Pablo Vivanco is a journalist and analyst specializing in politics and history in the Americas, who served as the Director of teleSUR English. Recent bylines include The Jacobin, Asia Times, The Progressive and Truthout. 

5 Dec, 2019 08:43 / Updated 5 years ago

For however long it lasts, Canada’s incoming government has doubled down on its doublespeak, using ‘woke’ discourse to push corporate welfarism at home and interventionism abroad.

There was little fanfare within Canada around the new group that will attempt to steer the country’s governmental agenda over the next four years. 

‘Attempt to’, of course, because Justin Trudeau will seek to downplay his NATO Summit gaffe and row with US President Donald Trump when he reconvenes parliament on Thursday as prime minister of a minority government.

Trudeau’s Liberals won enough seats in Canada’s 338-member House of Commons to form a government but also failed to repeat their 2015 showing after dropping 27 seats. They also lost over a million votes compared to the last election, finishing second in the popular vote.

Given the evident signs of a decline in support, Trudeau looked to curry favor with voters by making a surprise announcement.

It was certainly a surprise to everyone to hear that part of the Cabinet would include a Minister for ‘Middle Class Prosperity’.

What will this new branch of government do? No one really knows, including the person in charge of it.

In her first interview after the appointment, little-known MP for the riding of Ottawa-Vanier, Mona Fortier, didn’t seem to know how to even define ‘middle class’.

“I define the middle class [as] where people feel they can afford their way of life,” Fortier said. “They have a quality of life, and they can… send their kids to play hockey or even have different activities. It’s having the cost of living where you can do what you want with your families.”

Unsurprisingly, across the political and media spectrum, people reveled in the absurdity of it all.

A more suitable title for MP Fortier might as well be ‘Minister of Corporate Welfarism’, given how the Liberals have looked to develop and retain jobs. Under Trudeau – along with governments before him – billions have been doled out to corporations, especially in the energy and auto sector with purported intention of retaining and creating jobs in Canada.

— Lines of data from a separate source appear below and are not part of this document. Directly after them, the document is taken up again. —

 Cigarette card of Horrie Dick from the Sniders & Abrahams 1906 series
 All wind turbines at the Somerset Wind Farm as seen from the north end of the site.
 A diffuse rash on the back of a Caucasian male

Those jobs have continued to disappear, however, and Ottawa has done little to hold these companies to account.

The Nemak auto parts manufacturer is a good example. The Mexican-based company received $3 million in federal funding towards a technology center that was to have created 70 jobs. But now the company decided it is moving the facility to Mexico, taking the money with it and leaving hundreds of workers in the border city of Windsor in the lurch. 

Trudeau has continued the tradition of giving these companies billions in subsidies and loan write-offs, while jobs bleed to more profitable (read: exploitative) pastures.

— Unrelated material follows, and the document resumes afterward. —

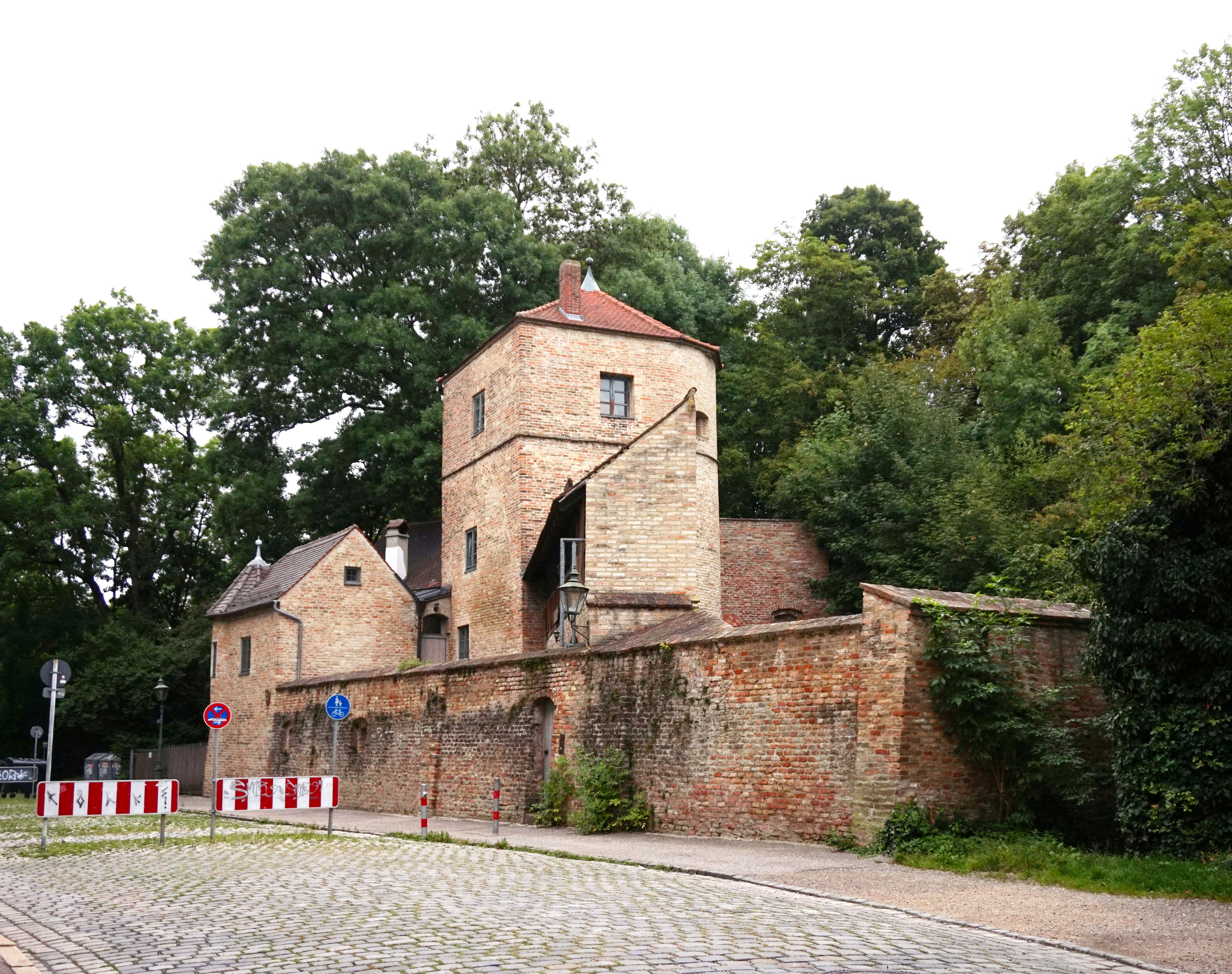 Augsburg, Germany.This photograph was taken with a Sony ILCE-5000

At its core, this is also what the SNC Lavalin scandal that marred Trudeau was all about – giving wealthy companies public dollars while also allowing them to circumvent laws and ethics, in exchange for flimsy commitments about providing jobs.

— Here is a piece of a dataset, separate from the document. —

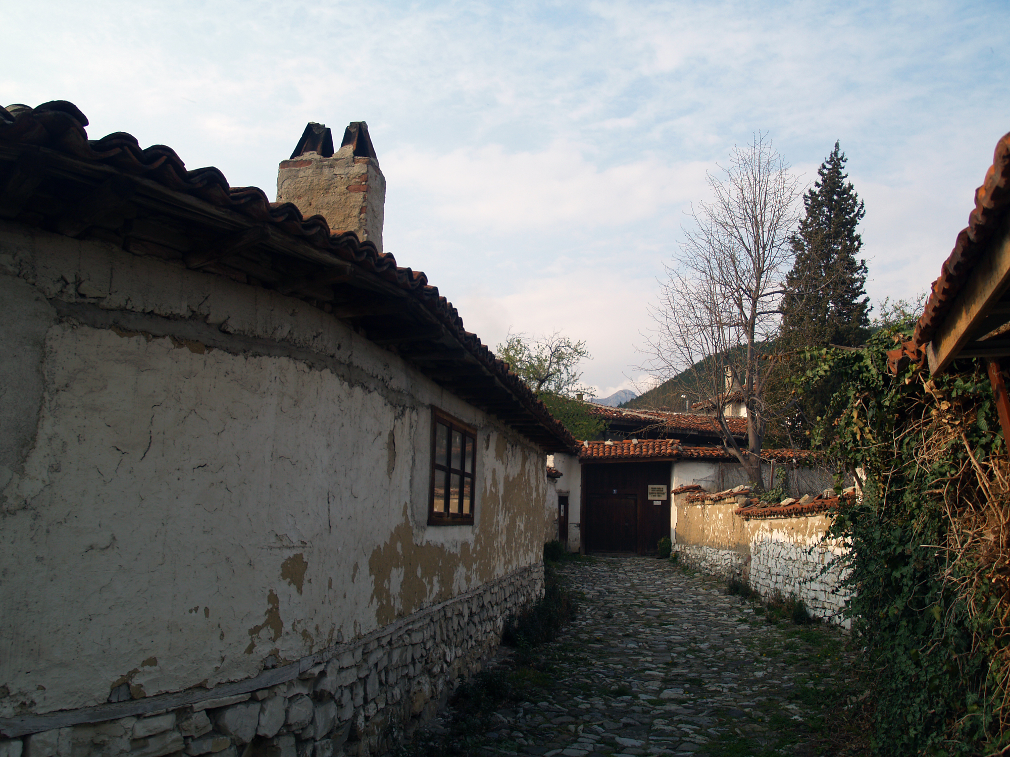 The entrance to the house-museum of Dobri Chintulov in Sliven

Beyond the gimmickry of this bizarre new ministry, the appointment of Canada’s hawkish foreign minister, Chrystia Freeland, to the post of deputy prime minister is another significant indication of Trudeau’s plan for the coming years.

Freeland has played a significant and direct role in pushing a more aggressive foreign agenda, particularly in Latin America where she figured prominently in efforts to bring down Venezuela’s government through the Organization of American States as well as the now lame-duck Lima Group.

Before leaving for her new post, Freeland’s Global Affairs ministry was among the first to give its blessing to the coup against Bolivian President Evo Morales, in favor of right-wing Christian extremist Jeanine Anez whose Democrat Social Movement garnered four percent of the vote in the country’s last election.

Of course, not even a hint of irony that while continuing to pay lip service to indigenous people and human rights, Trudeau and Freeland condoned the bloody overthrow of the region’s only indigenous president.

In a departure from Liberal tradition, Freeland has also embraced far-right leaders from Brazil to Ukraine in her foreign policy aims.

The Liberals paint themselves as doves, but have at the same time deployed hundreds of troops to Iraq and sent naval warships to boost NATO fleets, as NATO head Jens Stoltenberg pointed out.

Nonetheless, Freeland has carved out a favorable public image and will now likely play an even larger role in shaping Canada’s domestic and foreign policy. She is also more than likely on her way to taking the reins of the Liberal Party after Trudeau.

Before she does, however, the Liberals will have to figure out how to govern in an increasingly fractured country. Trudeau has little support in climate change conscious Quebec, and even less in the extraction supporting provinces in the West, particularly oil-rich Alberta, where some extreme factions have even started talking about separation from the commonwealth.

This is unlikely, but don’t put it past Trudeau and the Liberals to devise another stunt to allay anxieties, imagined and real.